Analyzes the inputs given to create an interactive run for each feature column. The assay is not saved to the database nor are analyis records saved to a Plateau topic. Usefull for exploring inputs for possible causes when a difference is detected in the output.

class AssayBuilder:

Helps build an AssayConfig

AssayBuilder( client: wallaroo.client.Client, name: str, pipeline_id: int, pipeline_name: str, iopath: str, model_name: Union[str, NoneType] = None, baseline_start: Union[datetime.datetime, NoneType] = None, baseline_end: Union[datetime.datetime, NoneType] = None, baseline_data: Union[numpy.ndarray, NoneType] = None)
def baseline_dataframe(self):
def baseline_histogram( self, bins: Union[int, str, NoneType] = None, log_scale: bool = False):
def baseline_kde(self, log_scale: bool = False):
def baseline_ecdf(self, log_scale: bool = False):
def upload(self) -> int:
def add_name(self, name: str):

Specify the assay name

def add_active(self, active: bool):

Specify if the assay is active or not

def add_iopath(self, iopath: str):

Specify what the assay should analyze. Should start with input or output and have indexes (zero based) into row and column: For example 'input 0 1' specifies the second column of the first input.

def add_location_filter(self, locations: List[str]):
def fixed_baseline_builder(self):

Specify creates a fixed baseline builder for this assay builder.

def add_baseline(self, baseline: wallaroo.assay_config.BaselineConfig):

Adds a specific baseline created elsewhere.

def window_builder(self):

Returns this assay builders window builder.

def add_window(self, window: wallaroo.assay_config.WindowConfig):

Adds a window created elsewhere.

def univariate_continuous_summarizer(self) -> wallaroo.assay_config.UnivariateContinousSummarizerBuilder:

Creates and adds an UCS to this assay builder.
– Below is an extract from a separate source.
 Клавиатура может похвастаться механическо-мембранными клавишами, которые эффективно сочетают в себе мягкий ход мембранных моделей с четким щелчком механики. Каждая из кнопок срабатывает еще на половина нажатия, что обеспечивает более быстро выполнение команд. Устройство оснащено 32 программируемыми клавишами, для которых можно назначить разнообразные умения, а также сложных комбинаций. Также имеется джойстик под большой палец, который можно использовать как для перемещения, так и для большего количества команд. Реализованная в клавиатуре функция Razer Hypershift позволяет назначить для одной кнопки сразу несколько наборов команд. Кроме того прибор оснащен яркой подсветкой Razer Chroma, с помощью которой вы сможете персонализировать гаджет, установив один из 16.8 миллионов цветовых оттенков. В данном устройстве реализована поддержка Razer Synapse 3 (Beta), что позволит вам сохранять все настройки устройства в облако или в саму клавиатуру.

def add_summarizer(self, summarizer: wallaroo.assay_config.SummarizerConfig):

Adds the summarizer created elsewhere to this builder.

def add_warning_threshold(self, warning_threshold: float):

Specify the warning threshold for this assay.
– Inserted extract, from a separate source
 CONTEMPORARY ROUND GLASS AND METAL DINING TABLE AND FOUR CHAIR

def add_alert_threshold(self, alert_threshold: float):

Specify the alert threshold for this assay.

def add_run_until(self, run_until: datetime.datetime):

"How long should this assay run. Primarily useful for interactive runs to limit the number of analysis.

def calc_bins(num_samples: int, bins: Union[int, str, NoneType]) -> Union[str, int]:

If the users specifies a number of bins or a strategy for calculating it use that. Else us the min of the square root or 50.